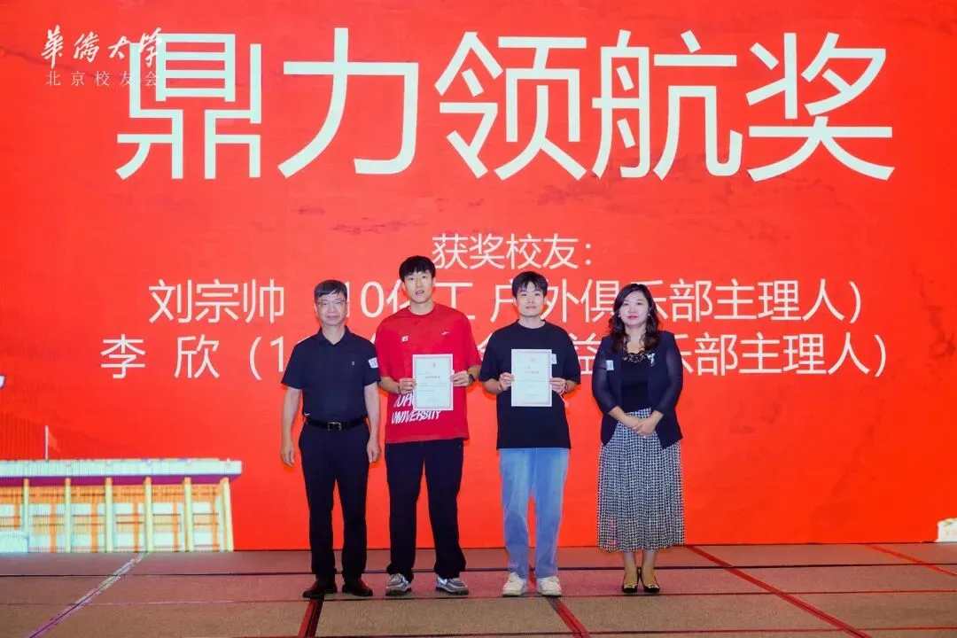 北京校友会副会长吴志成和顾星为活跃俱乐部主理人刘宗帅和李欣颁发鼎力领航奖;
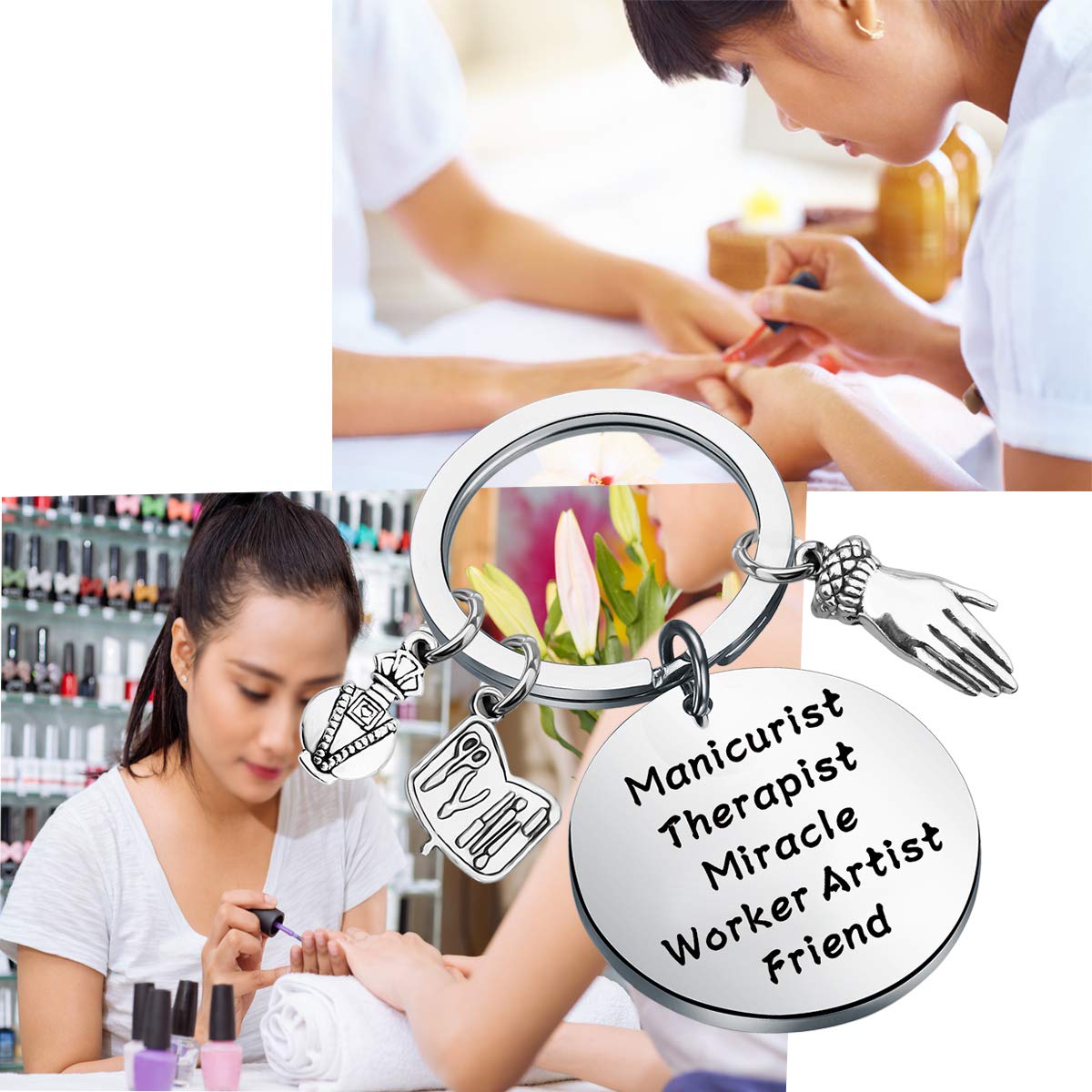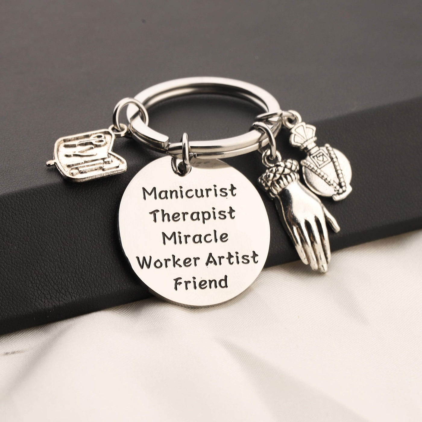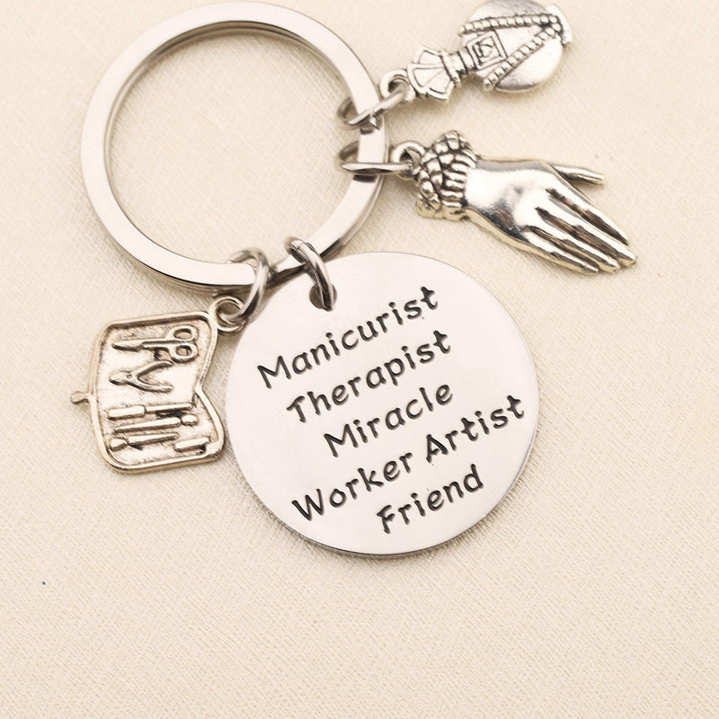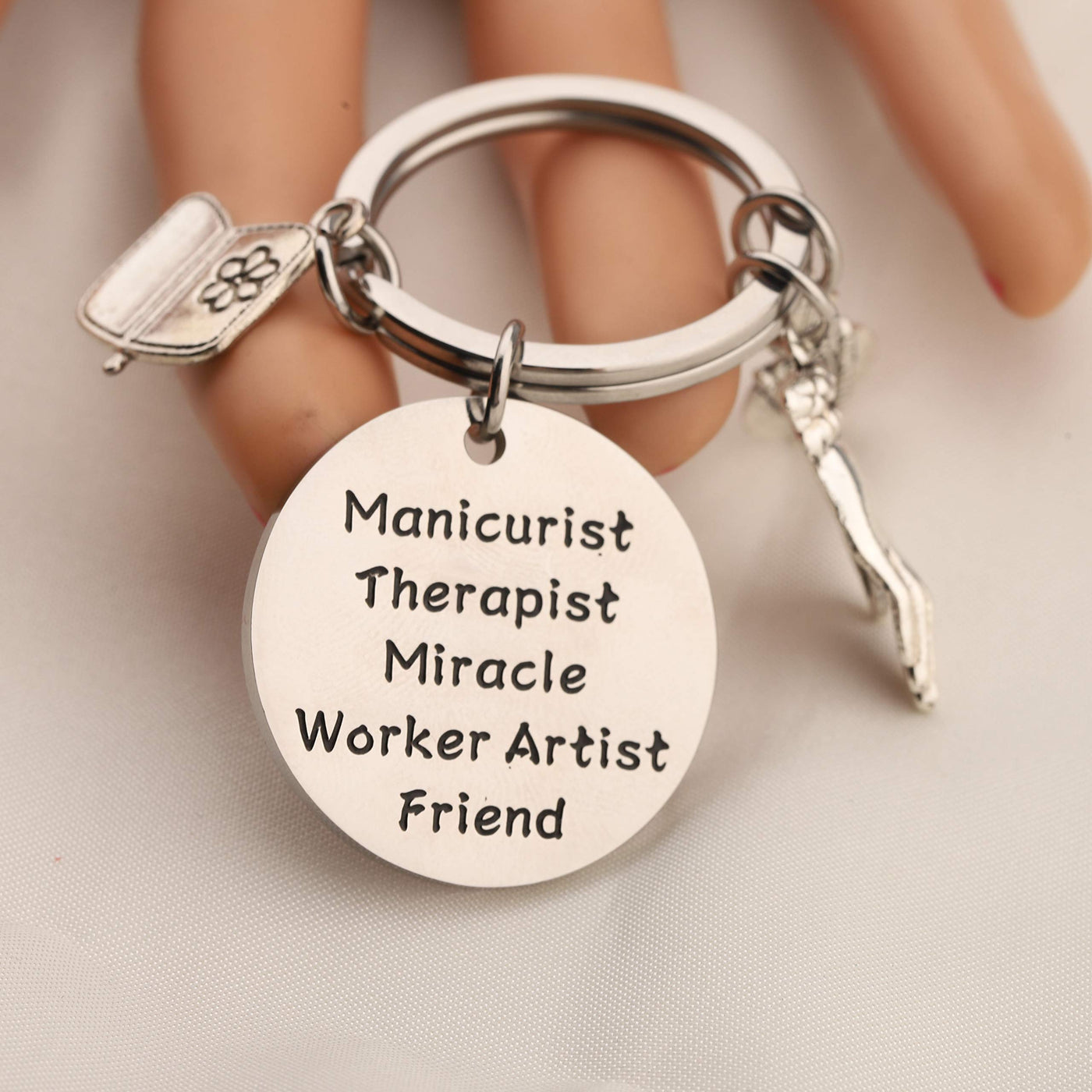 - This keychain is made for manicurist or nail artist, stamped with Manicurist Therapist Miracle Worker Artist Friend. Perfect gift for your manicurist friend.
...
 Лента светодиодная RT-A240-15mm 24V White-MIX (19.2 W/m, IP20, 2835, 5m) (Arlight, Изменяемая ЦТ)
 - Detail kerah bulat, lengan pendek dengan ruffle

## What the task requires:
Leave out the images and write out the lines above exactly, from the one with "北京校友会副会长吴志成和顾星为活跃俱乐部主理人刘宗帅和李欣颁发鼎力领航奖;" up to and including the one with "- This keychain".

## Answer:
 北京校友会副会长吴志成和顾星为活跃俱乐部主理人刘宗帅和李欣颁发鼎力领航奖;
 - This keychain is made for manicurist or nail artist, stamped with Manicurist Therapist Miracle Worker Artist Friend. Perfect gift for your manicurist friend.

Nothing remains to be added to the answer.